- WHAT YOU ARE ASKED TO DO
What is needed is each line of the data below that holds the string "robust".

- PROVIDED MATERIAL
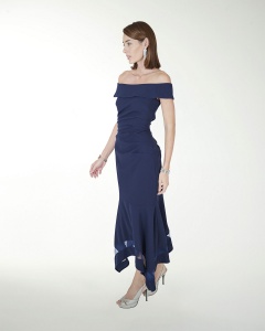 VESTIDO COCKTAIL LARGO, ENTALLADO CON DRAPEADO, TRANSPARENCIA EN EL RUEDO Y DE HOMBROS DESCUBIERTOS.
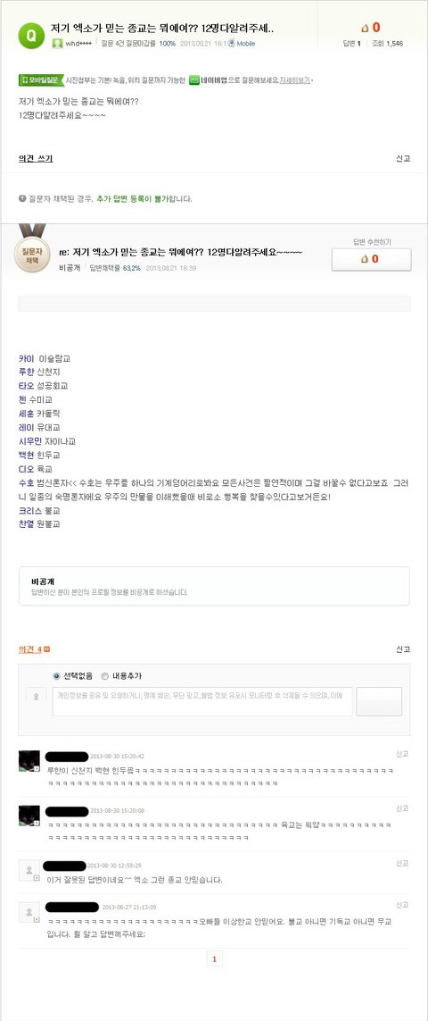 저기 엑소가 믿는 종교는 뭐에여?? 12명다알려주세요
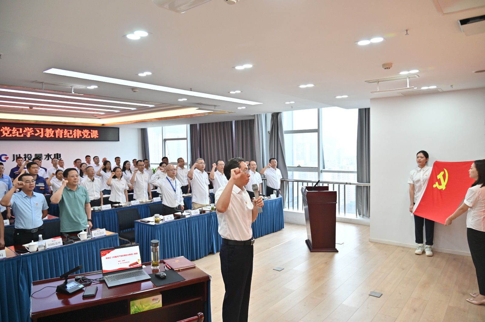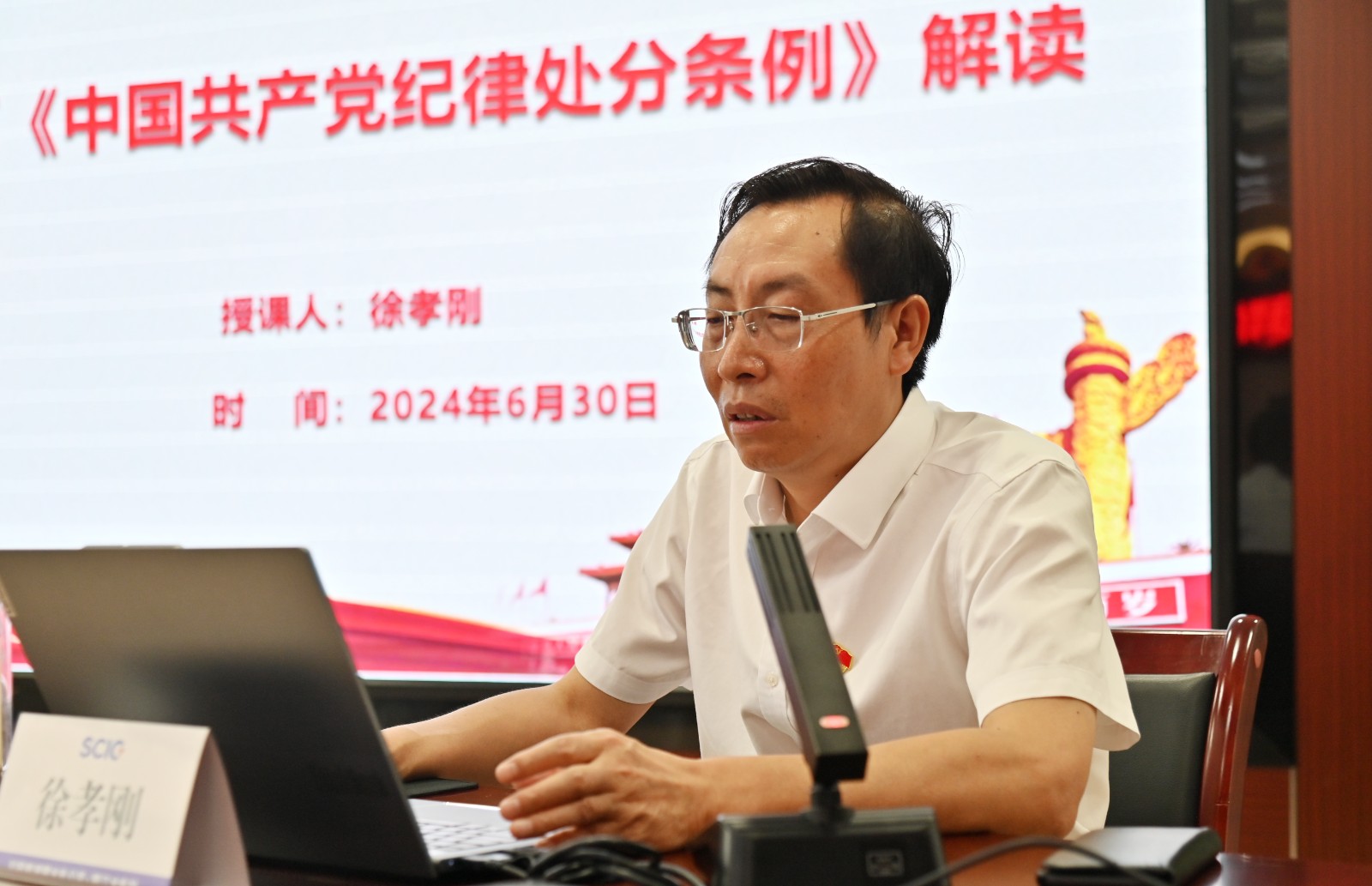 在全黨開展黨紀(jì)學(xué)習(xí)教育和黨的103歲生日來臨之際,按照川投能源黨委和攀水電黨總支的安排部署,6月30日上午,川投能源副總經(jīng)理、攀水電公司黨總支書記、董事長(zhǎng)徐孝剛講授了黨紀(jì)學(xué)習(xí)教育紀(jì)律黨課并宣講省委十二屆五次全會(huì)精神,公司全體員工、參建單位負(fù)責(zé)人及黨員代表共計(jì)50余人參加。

* * *

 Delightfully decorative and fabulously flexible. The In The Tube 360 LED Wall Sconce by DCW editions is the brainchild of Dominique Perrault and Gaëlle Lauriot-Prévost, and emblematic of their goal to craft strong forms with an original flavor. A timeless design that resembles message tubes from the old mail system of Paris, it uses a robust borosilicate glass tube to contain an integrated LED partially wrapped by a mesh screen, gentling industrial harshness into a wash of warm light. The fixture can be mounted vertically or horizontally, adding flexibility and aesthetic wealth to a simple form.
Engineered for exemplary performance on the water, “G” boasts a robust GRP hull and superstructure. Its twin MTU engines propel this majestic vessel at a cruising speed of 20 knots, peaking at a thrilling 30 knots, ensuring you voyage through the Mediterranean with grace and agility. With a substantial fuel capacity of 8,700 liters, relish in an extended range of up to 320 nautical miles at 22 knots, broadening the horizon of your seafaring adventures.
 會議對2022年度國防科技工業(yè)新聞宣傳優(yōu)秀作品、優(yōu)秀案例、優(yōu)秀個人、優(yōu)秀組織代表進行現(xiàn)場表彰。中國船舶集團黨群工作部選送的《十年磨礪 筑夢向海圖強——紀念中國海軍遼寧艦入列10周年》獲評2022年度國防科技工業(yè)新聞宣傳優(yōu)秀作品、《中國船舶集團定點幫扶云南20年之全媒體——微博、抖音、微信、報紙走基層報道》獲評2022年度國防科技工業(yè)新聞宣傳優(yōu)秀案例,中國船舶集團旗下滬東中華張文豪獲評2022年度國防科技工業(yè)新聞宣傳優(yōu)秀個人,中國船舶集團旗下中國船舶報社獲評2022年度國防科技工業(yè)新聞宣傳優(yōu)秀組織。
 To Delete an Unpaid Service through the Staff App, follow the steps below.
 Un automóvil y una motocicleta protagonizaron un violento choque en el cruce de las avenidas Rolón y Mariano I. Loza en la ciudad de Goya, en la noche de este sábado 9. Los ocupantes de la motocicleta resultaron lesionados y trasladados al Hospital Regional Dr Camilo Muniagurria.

--

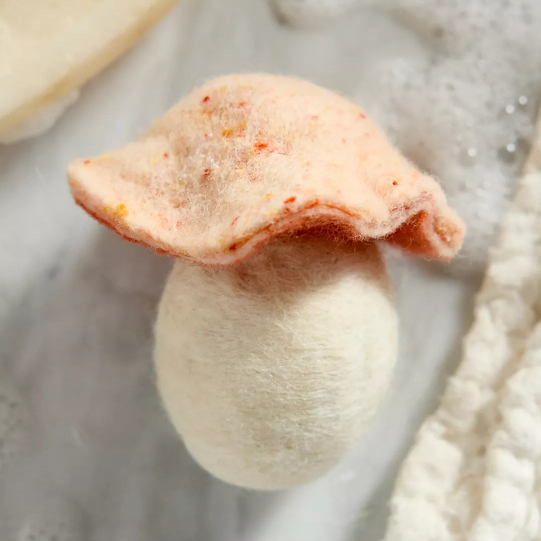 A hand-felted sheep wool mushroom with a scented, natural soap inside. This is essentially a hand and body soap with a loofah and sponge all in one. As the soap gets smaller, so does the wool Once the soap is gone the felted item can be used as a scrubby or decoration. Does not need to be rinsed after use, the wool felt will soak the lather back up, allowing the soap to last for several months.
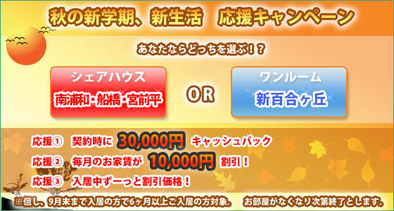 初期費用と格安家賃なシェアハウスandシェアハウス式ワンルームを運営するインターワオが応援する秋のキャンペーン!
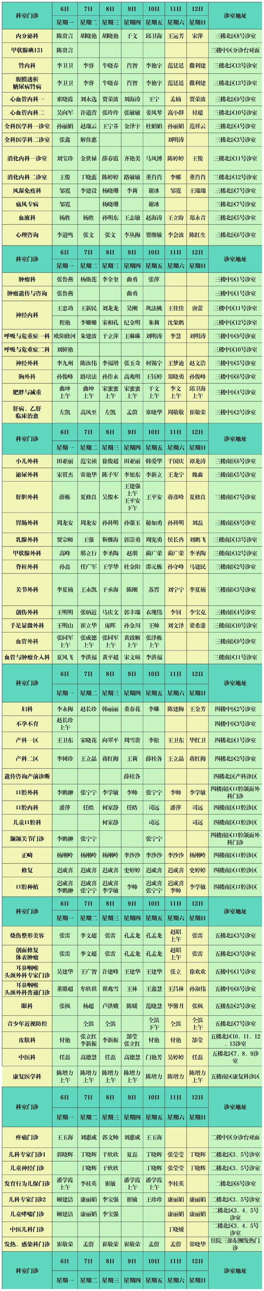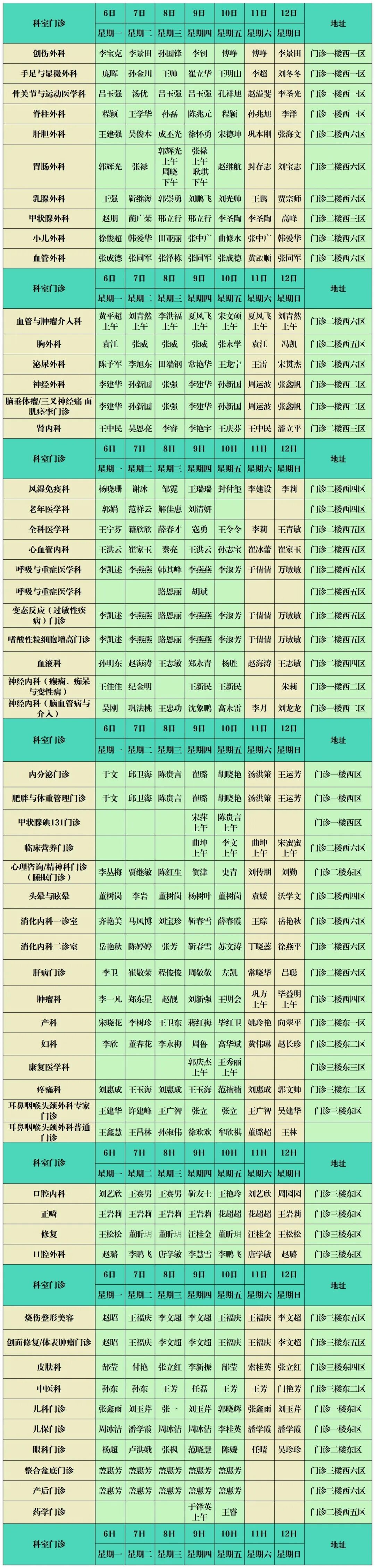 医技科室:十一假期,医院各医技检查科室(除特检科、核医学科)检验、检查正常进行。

- ANSWER TO THIS PROBLEM
 Delightfully decorative and fabulously flexible. The In The Tube 360 LED Wall Sconce by DCW editions is the brainchild of Dominique Perrault and Gaëlle Lauriot-Prévost, and emblematic of their goal to craft strong forms with an original flavor. A timeless design that resembles message tubes from the old mail system of Paris, it uses a robust borosilicate glass tube to contain an integrated LED partially wrapped by a mesh screen, gentling industrial harshness into a wash of warm light. The fixture can be mounted vertically or horizontally, adding flexibility and aesthetic wealth to a simple form.
Engineered for exemplary performance on the water, “G” boasts a robust GRP hull and superstructure. Its twin MTU engines propel this majestic vessel at a cruising speed of 20 knots, peaking at a thrilling 30 knots, ensuring you voyage through the Mediterranean with grace and agility. With a substantial fuel capacity of 8,700 liters, relish in an extended range of up to 320 nautical miles at 22 knots, broadening the horizon of your seafaring adventures.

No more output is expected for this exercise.